DATA 606 Data Project Final

Part 1 - Introduction:

The State of New York has a budget known as School Aid that provides funding to k-12 school districts state-wide. This aid provides funding for a variety of areas including, but not limited to: BOCES, Academic Improvment Aid, Transportation Aid, and expenses like textbooks, software, hardware, and library materials. Full details regarding School Aid can be found in this executive summary for ’17-’18 school years.

New York State has 62 counties, over 720 individual school districts with over 4,400 public schools, and over 2.5 Million k-12 students enrolled on average. The purpose of this observational study is to answer the question:

Do NY State counties who receive a higher amount of state aid per student also have the lowest graduation rates?

Setup:

Three packages will be used to pull, clense, format, and combine the data:

library(RCurl)
library(tidyverse)
library(scales)

Part 2 - Data:

Each case will be a county with a varying number of districts.

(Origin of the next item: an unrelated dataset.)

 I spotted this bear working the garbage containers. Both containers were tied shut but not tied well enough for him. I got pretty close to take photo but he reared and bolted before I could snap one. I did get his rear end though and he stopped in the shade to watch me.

Grad Data: 2015-2016 data covering cohorts 2010,11, and 12. This database contains annual graduation, and dropout data for the state as well as by county. The data was obtained from this source from NYSE.gov.
School Aid Data: reflects State aid funding for each school district. The data covers multiple years but I’ll be focused on the 2012-2015 enacted budget years to roughly cover the cohorts graduating per the 2015-2016 data.
Population Data: is re-purposed here from an additional reference file for another NYS analysis for interpreting vital statistics death rates. The data can be found here.

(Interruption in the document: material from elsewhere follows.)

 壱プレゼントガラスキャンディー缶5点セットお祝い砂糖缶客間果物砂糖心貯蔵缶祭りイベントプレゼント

All data will be combined at the county level and averaged by district information where appropriate.

First I download the 3 different datasets and clean them up to combine them:

Graduation Data:

# Download .csv file, clean and format: 
schl_data_url <- "https://raw.githubusercontent.com/jbrnbrg/proj_proposal_606/master/Data/GRAD_RATE_AND_OUTCOMES_2016.csv"
my_school_data <- read.csv(text = getURL(schl_data_url), 
                           colClasses = c(AGGREGATION_CODE = "character", LEA_BEDS = "character"),
                           stringsAsFactors = FALSE,
                           na.strings = c("-"))

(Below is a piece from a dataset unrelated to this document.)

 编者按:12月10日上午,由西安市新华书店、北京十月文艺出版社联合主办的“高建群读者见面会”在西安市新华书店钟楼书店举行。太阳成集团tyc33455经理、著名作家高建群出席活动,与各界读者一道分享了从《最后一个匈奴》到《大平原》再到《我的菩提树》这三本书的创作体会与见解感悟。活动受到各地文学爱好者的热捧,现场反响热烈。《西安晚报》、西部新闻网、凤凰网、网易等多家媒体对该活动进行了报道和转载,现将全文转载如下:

schl_dat_gen_school <-my_school_data %>% 
  filter(MEMBERSHIP_DESC != "2012 Total Cohort - 4 Year Outcome",
         AGGREGATION_INDEX == 4, #schools
         SUBGROUP_CODE == 2 | SUBGROUP_CODE == 3) %>% #male, female
  select(REPORT_SCHOOL_YEAR:SUBGROUP_NAME, ENROLL_CNT, GRAD_CNT, DROPOUT_CNT) %>%
  na.omit() %>% 
  select(REPORT_SCHOOL_YEAR, AGGREGATION_NAME,LEA_NAME,LEA_BEDS, 
         NRC_DESC, COUNTY_NAME, MEMBERSHIP_CODE,
         MEMBERSHIP_DESC, SUBGROUP_NAME, ENROLL_CNT, GRAD_CNT, DROPOUT_CNT) %>% 
  mutate(COUNTY_NAME = tolower(COUNTY_NAME),
         HS_NAME = AGGREGATION_NAME,
         GENDER = SUBGROUP_NAME,
         DISTRICT_NAME = LEA_NAME,
         BEDS_CODE = LEA_BEDS,
         COHORT = ifelse(MEMBERSHIP_CODE == 6, "c_2010_6yr",
                         ifelse(MEMBERSHIP_CODE == 8, "c_2011_5yr",
                                ifelse(MEMBERSHIP_CODE == 11, "c_2012_4yr", 
                                       MEMBERSHIP_CODE)))) %>% 
  select(COUNTY_NAME, HS_NAME,DISTRICT_NAME, LEA_BEDS, NRC_DESC, COHORT,
         GENDER,ENROLL_CNT, GRAD_CNT, DROPOUT_CNT) %>% 
  arrange(COUNTY_NAME, desc(COHORT))

# obtain avg grad rate per county: 
schl_enroll_grad_drop <- schl_dat_gen_school %>% 
  select(COUNTY_NAME, COHORT, ENROLL_CNT, GRAD_CNT, DROPOUT_CNT) %>% 
  mutate(COUNTY_NAME = ifelse(COUNTY_NAME == "bronx" | COUNTY_NAME == "richmond" |
                                COUNTY_NAME == "queens" | COUNTY_NAME == "kings" | 
                                COUNTY_NAME == "new york", "new york city", COUNTY_NAME)) %>% 
  group_by(COUNTY_NAME, COHORT) %>% 
  summarise_each(funs(sum)) %>% 
  mutate(GRAD_RT = GRAD_CNT / ENROLL_CNT, DROP_RT = DROPOUT_CNT/ENROLL_CNT) %>% 
  select(COUNTY_NAME, ENROLL_CNT:DROP_RT) %>% 
  group_by(COUNTY_NAME) %>% 
  summarise_each(funs(mean)) %>% 
  select(COUNTY_NAME, GRAD_RT, DROP_RT)

#boxplot(schl_dat_gen_school$GRAD_CNT~schl_dat_gen_school$GENDER)
#unique(schl_enroll_grad_drop$COUNTY_NAME)
#length(unique(schl_dat_gen_school$DISTRICT_NAME))

Student Aid Data:

nys_aid_url <- "https://raw.githubusercontent.com/jbrnbrg/proj_proposal_606/master/Data/New_York_State_School_Aid__Beginning_School_Year_1996-97.csv"
nys_school_aid <- read.csv(text = getURL(nys_aid_url), stringsAsFactors = FALSE)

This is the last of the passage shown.